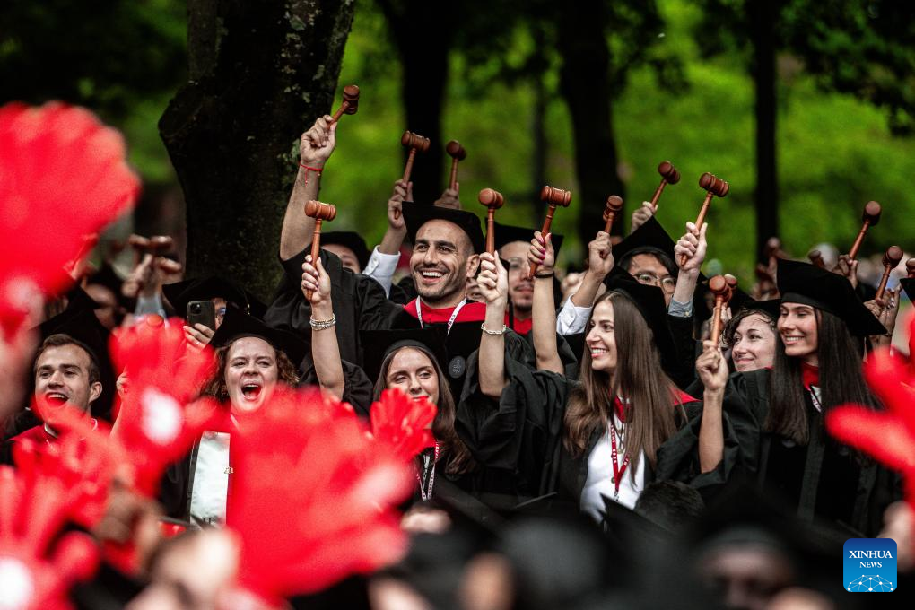 Students attend commencement ceremony at Harvard University in Cambridge, Massachusetts, the United States, May 29, 2025. A U.S. federal judge on Thursday extended a Temporary Restraining Order on Trump Administration's policy that aimed to prevent Harvard University from enrolling international students.
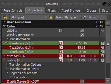 You can lock properties or channels to prevent any changes from happening on the selected property or channel. This is useful for Technical Directors and animators who need to prevent body parts from receiving keys. For example, if there is more than one animator working on a character rig and the Technical Director does not want animation to be created to parts of the character, one way of achieving this is to lock or mute properties and channels.
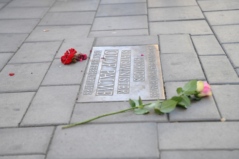 在瑞典斯德哥爾摩(Stockholm)街頭,人們在 34年前瑞典前首相帕爾梅(Lisbet Palme)遭刺殺的地點,獻上花朵悼念。
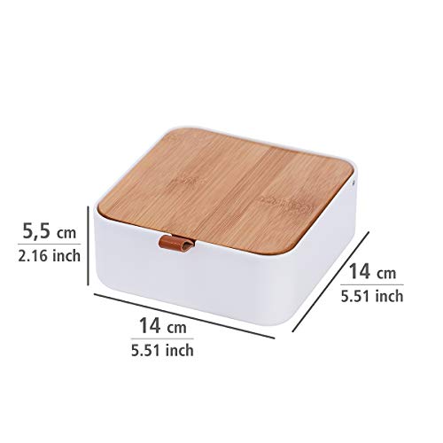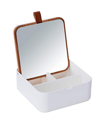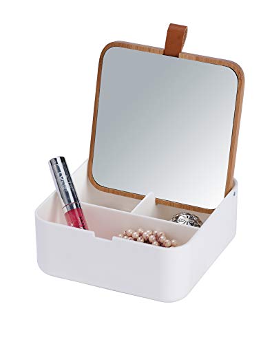 WENKO Organizzatore con coperchio Bovisa bianco - Organizzatore cosmesi con 3 scomparti e specchio, superficie specchiante: 13 x 13 cm 100 % ingrandimento, Plastica, 14 x 5.5 x 14 cm, Bianco

### What you have to do
Go through the listing above and quote it exactly, apart from its images.

### Solution to this exercise
 Students attend commencement ceremony at Harvard University in Cambridge, Massachusetts, the United States, May 29, 2025. A U.S. federal judge on Thursday extended a Temporary Restraining Order on Trump Administration's policy that aimed to prevent Harvard University from enrolling international students.
 You can lock properties or channels to prevent any changes from happening on the selected property or channel. This is useful for Technical Directors and animators who need to prevent body parts from receiving keys. For example, if there is more than one animator working on a character rig and the Technical Director does not want animation to be created to parts of the character, one way of achieving this is to lock or mute properties and channels.
 在瑞典斯德哥爾摩(Stockholm)街頭,人們在 34年前瑞典前首相帕爾梅(Lisbet Palme)遭刺殺的地點,獻上花朵悼念。
 WENKO Organizzatore con coperchio Bovisa bianco - Organizzatore cosmesi con 3 scomparti e specchio, superficie specchiante: 13 x 13 cm 100 % ingrandimento, Plastica, 14 x 5.5 x 14 cm, Bianco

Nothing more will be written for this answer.